Régimen jurídico

The followed methodology in preparing this case study was based primarily on gathering information on six key variables: Rainfall Data, Determination of Irrigation Water Consumption, Water Demand, Determination of Green Areas with Active and Inactive Irrigation, Determination of the Roof Areas and Roofing Material.

3.2.1. Rainfall Data

The rainfall information must be collected from the closest weather station to the site under consideration and with the longest data extension possible, in order to reflect local climatic variations. To promote the system simulation process for probabilistic study, the longer the record length, the more reliable the results will be.

For this case study the data are initially collected from the Meteorological Station of Monte da Caparica. The reporting period is 25 years (series of daily precipitation), from which weekly series of precipitation data will be used to compute the balance of rainwater inflow volumes and the consumption of irrigation water (total of 1301 weeks).

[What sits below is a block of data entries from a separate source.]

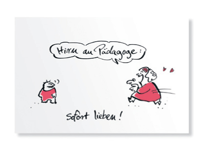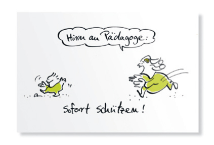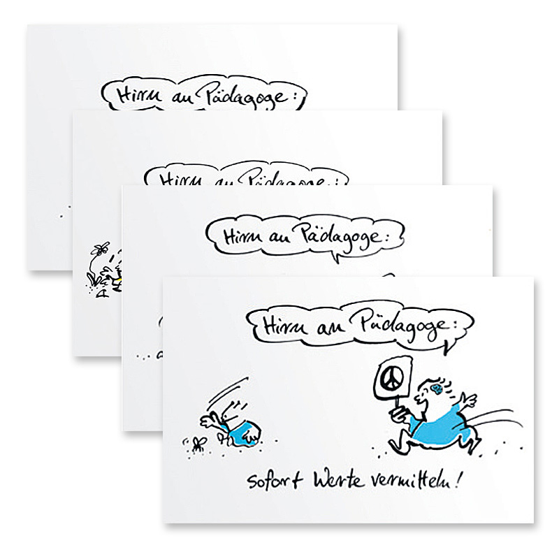 Natascha Welz (Tasche) zeichnete die Cartoons exklusiv für das begehbare Pädagogenhirn von wamiki. Auf vielfachen Wunsch gibt es  die Cartoons nun  auch als Postkartenset und als DIN A1-Poster.
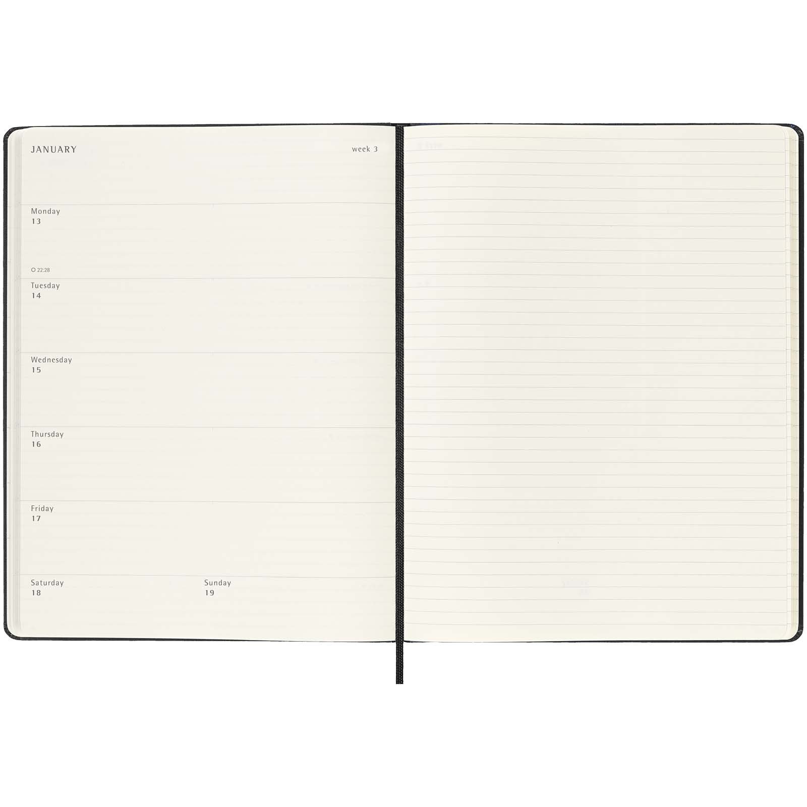 Daté de janvier à décembre 2025. L'agenda hebdomadaire Moleskine de 12 mois au format XL (25 cm x 19 cm) à couverture rigide permet de visualiser la semaine entière en un coup d’œil. Il offre également des pages d’instantanés annuels et mensuels pour une vue d’ensemble de l’année, suivies de pages pour la planification des voyages, les idées et les objectifs. Les jours de la semaine sont affichés sur un côté, en regard d’une page lignée pour les tâches et les notes. Il est doté d’un papier ivoire sans acide et d’un élastique de fermeture noir. Il comprend également un marque-page et une pochette intérieure extensible de couleur assortie. Des autocollants pour la personnalisation, ainsi que des autocollants de l’année pour le dos, viennent compléter l'ensemble.
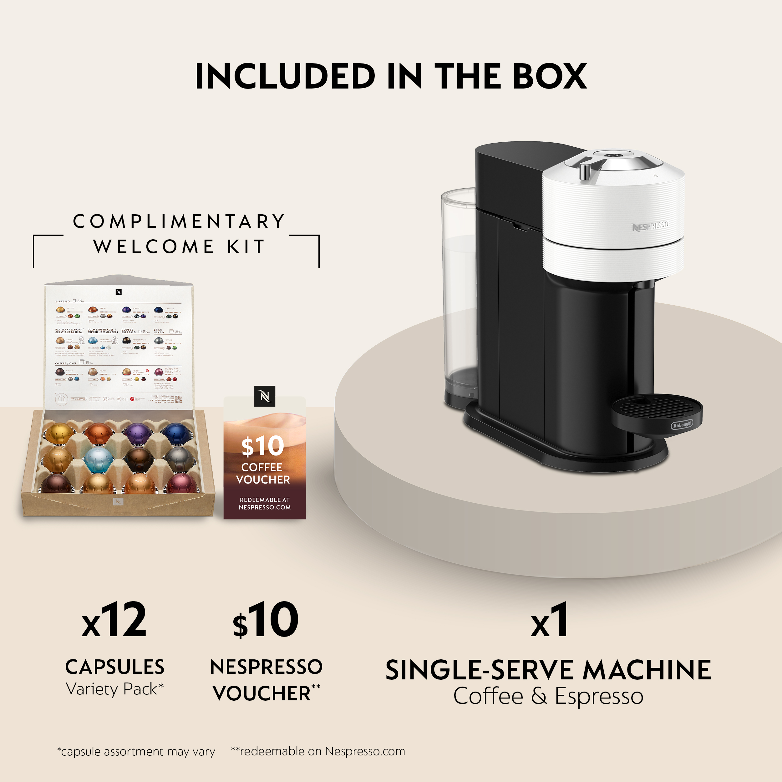 Nespresso VERTUO NEXT coffee maker and espresso machine takes the full range of Nespresso coffee styles even further. In addition to its original espressos, NESPRESSO VERTUO NEXT produces an extraordinary cup of coffee with a smooth layer of crema, the signature of truly great cup of coffee. The VERTUO coffee and espresso maker conveniently makes 6 brew sizes: 5, 8, 12, 18 oz Coffee and single and double Espresso. This Nespresso machine brings together the know-how of all its coffee experts, who have carefully chosen the origin and roasting of each coffee blend and created a brewing system using Centrifusion technology, a patented extraction technology developed by Nespresso. Just insert a Vertuo capsule and close the lever when activated, the capsule spins, blending ground coffee with water and extracting every drop of flavor. Its precision brewing system recognizes each capsule and automatically adjusts its brewing parameters to consistently deliver the best in cup result. Each machine includes a complimentary welcome set with a range of Nespresso pods Vertuo with unique aroma profiles. Order your Nespresso pods, receive personalized advice, and obtain technical support or repair for your machine through Nespresso via mobile app, online at Nespresso.com, by telephone or in one of our Boutiques. This coffee machine is compatible exclusively with Nespresso Vertuo pods.

In spite of the fact that daily rainfall series would produce results of greater reliability it

would require a very extensive data set, while using weekly precipitation series, the data set will be less extensive but still very significant and with the desired reliability, appropriate for display of long-term trend.

Despite being the closest station to the FCT, there are several gaps in available data between 1985 and 2009. Thus, these breaches were filled primarily with data from the Meteorological Station of Alcochete, since it is the second closest to the study area, and also with data from a rain sensor of the FCT, in existence since 2002, and with the data from Meteorological Station of Vila Nogueira de Azeitão.

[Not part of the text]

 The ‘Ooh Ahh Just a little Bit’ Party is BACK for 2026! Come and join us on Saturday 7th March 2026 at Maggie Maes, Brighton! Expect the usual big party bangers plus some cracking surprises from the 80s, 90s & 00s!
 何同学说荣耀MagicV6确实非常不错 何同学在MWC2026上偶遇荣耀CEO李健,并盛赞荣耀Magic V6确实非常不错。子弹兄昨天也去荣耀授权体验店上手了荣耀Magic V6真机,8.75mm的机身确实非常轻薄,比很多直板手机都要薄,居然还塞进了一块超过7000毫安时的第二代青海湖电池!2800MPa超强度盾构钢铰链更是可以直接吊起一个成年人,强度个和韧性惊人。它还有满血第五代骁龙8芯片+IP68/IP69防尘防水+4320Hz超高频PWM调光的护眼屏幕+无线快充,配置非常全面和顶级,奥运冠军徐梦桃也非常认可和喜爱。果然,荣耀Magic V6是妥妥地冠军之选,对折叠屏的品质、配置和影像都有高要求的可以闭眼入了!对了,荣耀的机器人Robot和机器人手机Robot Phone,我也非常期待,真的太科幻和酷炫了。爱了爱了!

All data from the meteorological stations were collected through the website of the SNIRH.

3.2.2. Determination of Irrigation Water Consumption

Since there are no meters for water consumed in irrigation, the determination of annual expenditures was made empirically through a field survey, which identifies all the existing irrigation equipment operating in the various sectors of the FCT Campus.

Once all the equipment was identified, the water flow of each unit was determined as well as its weekly operating period. For this to be achieved, the collaboration of the gardening team of FCT was crucial. In section 3.3.2 a detailed characterization of the existing irrigation system on campus is provided.

3.2.3. Water Demand

Water demand determines the amount of water needed for irrigation and consequently the storage requirements. The water demand over the year is not constant; therefore it is necessary to assess the monthly distribution rate of water requisites for green spaces irrigation.

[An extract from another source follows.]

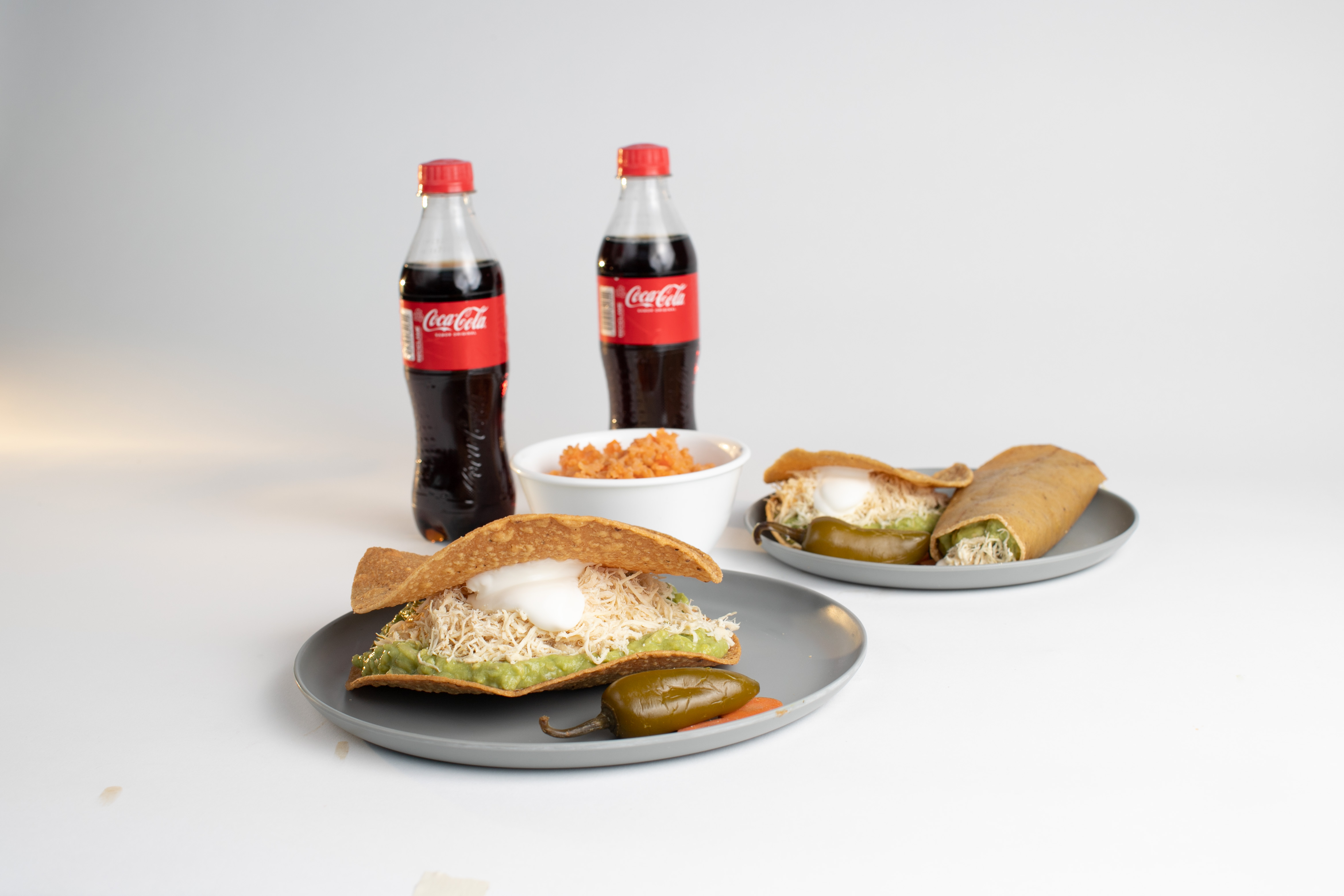 2 Tacos Gigantes con Aguacate Pechuga de Pollo desmenuzada, y Crema, acompañados con 1 complemento a elegir y 1 Refresco 355ml.
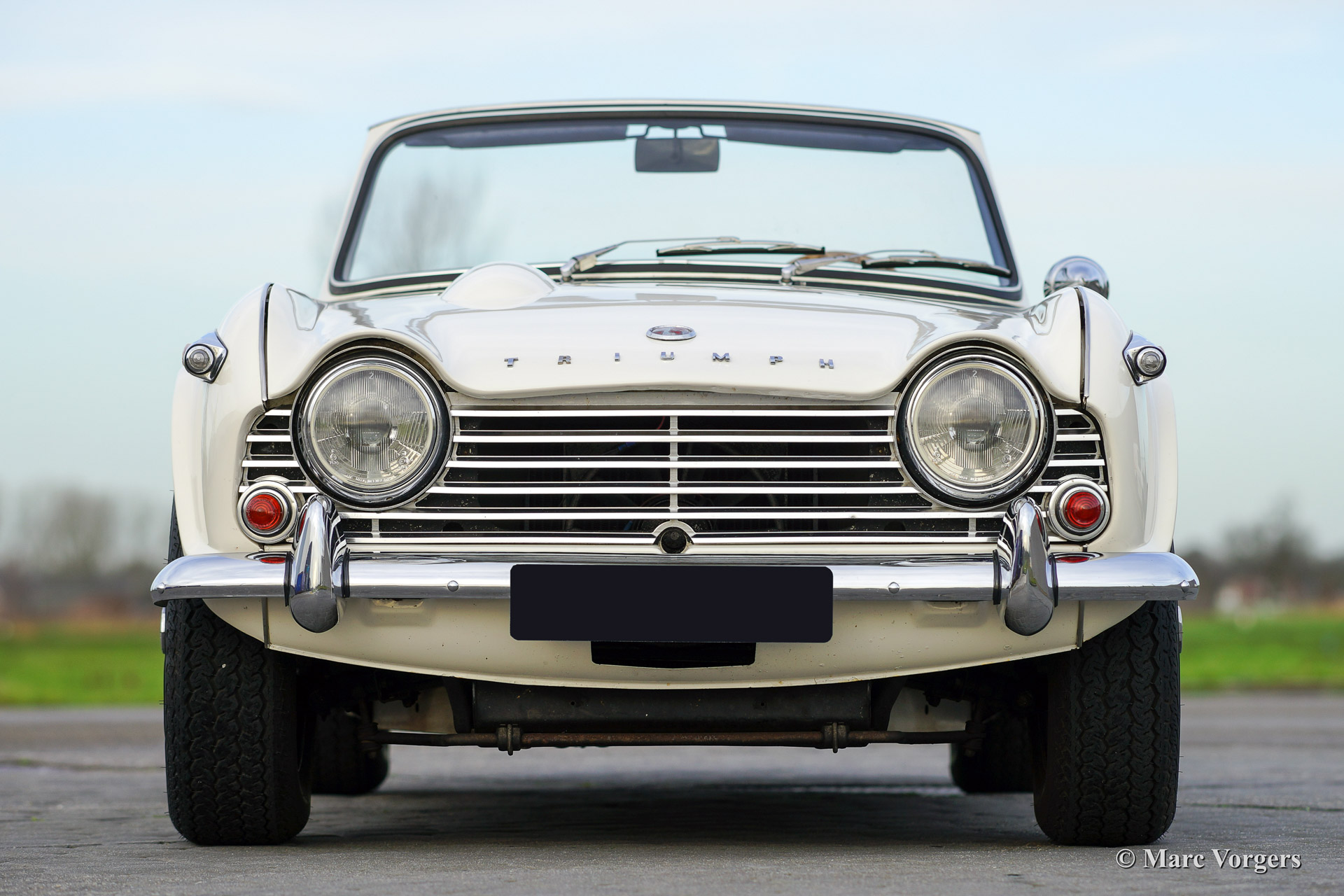 The Triumph TR 4 is a real British roadster; pure and honest. The TR 4 is built with a sturdy separate chassis with independent front suspension and a live rear axle. (IRS versions are equipped with independent rear suspension). The TR4 is equipped with disc brakes at the front and drum brakes at the rear. The bonnet shows a beautiful power bulge which gives space for the two carburettors. The Triumph TR 4 has a very beautiful wooden dashboard that is clear and functional and is equipped with large Smiths clocks. For the TR 4 a very nice "Surrey-top" is available as accessory. The Triumph "Surrey top inspired Porsche to built the Porsche "Targa" versions. The Triumph TR4 is as all the TR versions a real drivers car.

3.2.4. Determination of Green Areas with Active and Inactive Irrigation

The identification of all green areas that exist in the campus was made by direct measurement of the same, from the existing drawings in AutoCAD format (Annex II) provided by the Rectory of the UNL and by the heads of the Projecto Campus Verde (PCV – Green Campus Project). However, since the available documents date back to 2004, some green areas had not yet been considered to integrate the mentioned

drawings. Therefore, the missing areas were measured using the measuring tool provided by Google Maps.

3.2.5. Determination of the Roof Areas

The determination of roof areas of the several buildings included in the FCT Campus was performed through AutoCAD drawings (Annex III), using the measurement tool provided by this software. The drawings in question were provided by the heads of the PCV.

3.2.6. Roofing Material

This variable is very important since it will influence the rainwater runoff and thus, the amount of water that can be potentially collected and conveyed to the storage tank.

This information was gathered through a direct field survey, with support from the Security Office on FCT Campus.

3.2.7. Determination of Reservoir Capacity

3.2.6.1. Rippl Method

The most commonly used method for tank dimensioning in rainwater harvesting, is the Rippl Method. It consists on the calculation of a storage volume required to ensure a regular flow during the most critical period of drought observed. It usually considers monthly series of precipitation data, with the most possible extension. In this particular case, weekly series of precipitation data will be applied (Annecchini, 2005; Tomaz, 2009).

For this method, the affluence inflow is deducted from the water demand flow, for the same time period. The maximum positive accumulated difference corresponds to the volume of the reservoir (Pereira et al., 2010). By this method, the tank usually presents an oversized volume, since it is dimensioned to meet demand during the most critical dry periods.

To accomplish the rainwater tank dimensioning by the Rippl Method, an Excel spreadsheet was used, which was based on collecting all the necessary data (Figure 26).

Figure 26 - Data required for rainwater tank dimensioning by the Rippl method.

 Column 1 – Reporting period time in weeks (1301 weeks).

 Column 2 – Weekly precipitation data.

 Column 3 – Total catchment area (roofs area).

 Column 4 – Total water inflow collected by the system. It is obtained multiplying C2 by C3 and by the runoff coefficient related to each roof surface (see section 2.6.1.1).

 Column 5 – Weekly water demand for irrigation, which varies according to the month.

 Column 6 – Difference between water demand and water inflow.

 Column 7 – Accumulated sum of the values obtained in C6. The maximum positive accumulated difference corresponds to the volume of the reservoir.